安装pacemaker rpm包后,遇到启动失败的情况,原因和动态链接库的加载有关,以下是详细。
问题
编译生成pacemaker 1.1.15的rpm包,然后在其它机器上安装pacemaker rpm包后,启动失败。
[root@srdsdevapp73 ~]# service pacemaker start Starting Pacemaker Cluster Manager [FAILED]
环境
- CentOS 6.3 64bit
原因
通过strace发现pacemaker启动失败由于加载库libcoroipcc.so.4失败
[root@srdsdevapp73 ~]# strace -f service pacemaker start ... [pid 19960] writev(2, [{"pacemakerd", 10}, {": ", 2}, {"error while loading shared libra"..., 36}, {": ", 2}, {"libcoroipcc.so.4", 16}, {": ", 2}, {"cannot open shared object file", 30}, {": ...

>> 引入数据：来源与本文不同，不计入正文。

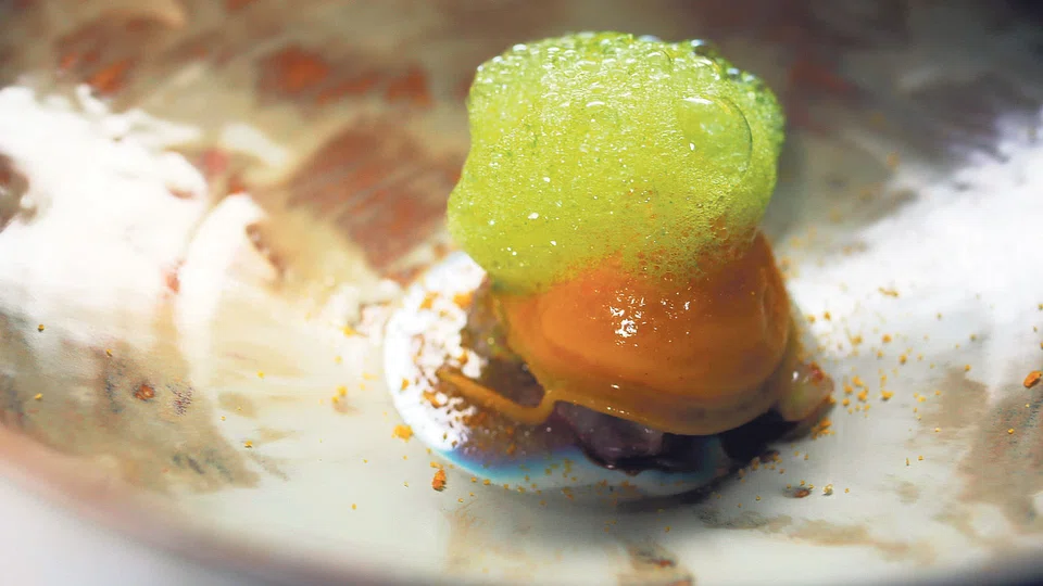 So instead of using oysters, cabbage, leek and eggs to make an oyster pancake, "we pan-fried pure starch to achieve a smoky crispness, and combined it with a flavourful gel and evocation (flavour compounds) that capture the taste of the sea". For chefs whose main vocation is to work with good quality produce, the process was "stressful but fun".

再用ldd检查pacemakerd,发现总共有3个库找不到
[root@srdsdevapp73 ~]# ldd /usr/sbin/pacemakerd linux-vdso.so.1 => (0x00007fffc4c9f000) libcrmcluster.so.4 => /usr/lib/libcrmcluster.so.4 (0x0000003cbac00000) libstonithd.so.2 => /usr/lib/libstonithd.so.2 (0x0000003cba400000) libcrmcommon.so.3 => /usr/lib/libcrmcommon.so.3 (0x0000003cb4c00000) libm.so.6 => /lib64/libm.so.6 (0x0000003cb3c00000) libcpg.so.4 => /usr/lib64/libcpg.so.4 (0x00007f3f72199000) libcfg.so.6 => /usr/lib64/libcfg.so.6 (0x00007f3f71f95000) libcmap.so.4 => /usr/lib64/libcmap.so.4 (0x00007f3f71d8f000) libquorum.so.5 => /usr/lib64/libquorum.so.5 (0x00007f3f71b8b000) libgnutls.so.26 => /usr/lib64/libgnutls.so.26 (0x0000003cb8800000) libcorosync_common.so.4 => /usr/lib64/libcorosync_common.so.4 (0x00007f3f71988000) libplumb.so.2 => /usr/lib64/libplumb.so.2 (0x00007f3f71754000) libpils.so.2 => /usr/lib64/libpils.so.2 (0x00007f3f7154b000) libqb.so.0 => /usr/lib64/libqb.so.0 (0x00007f3f712e6000) libpthread.so.0 => /lib64/libpthread.so.0 (0x0000003cb2c00000) libbz2.so.1 => /lib64/libbz2.so.1 (0x0000003cb7000000) libxslt.so.1 => /usr/lib64/libxslt.so.1 (0x0000003cb4800000) libxml2.so.2 => /usr/lib64/libxml2.so.2 (0x0000003cb6000000) libc.so.6 => /lib64/libc.so.6 (0x0000003cb2400000) libuuid.so.1 => /lib64/libuuid.so.1 (0x0000003cb5000000) libpam.so.0 => /lib64/libpam.so.0 (0x0000003cb6c00000) librt.so.1 => /lib64/librt.so.1 (0x0000003cb3000000) libdl.so.2 => /lib64/libdl.so.2 (0x0000003cb2800000) libglib-2.0.so.0 => /lib64/libglib-2.0.so.0 (0x0000003cb3800000) libltdl.so.7 => /usr/lib64/libltdl.so.7 (0x0000003cb8400000) libcoroipcc.so.4 => not found libcfg.so.4 => not found libconfdb.so.4 => not found libtasn1.so.3 => /usr/lib64/libtasn1.so.3 (0x0000003cb7800000) libz.so.1 => /lib64/libz.so.1 (0x0000003cb3400000) libgcrypt.so.11 => /lib64/libgcrypt.so.11 (0x0000003cb7400000) /lib64/ld-linux-x86-64.so.2 (0x0000003cb2000000) libaudit.so.1 => /lib64/libaudit.so.1 (0x0000003cb6400000) libcrypt.so.1 => /lib64/libcrypt.so.1 (0x0000003cb5c00000) libgpg-error.so.0 => /lib64/libgpg-error.so.0 (0x0000003cb6800000) libfreebl3.so => /lib64/libfreebl3.so (0x0000003cb5800000)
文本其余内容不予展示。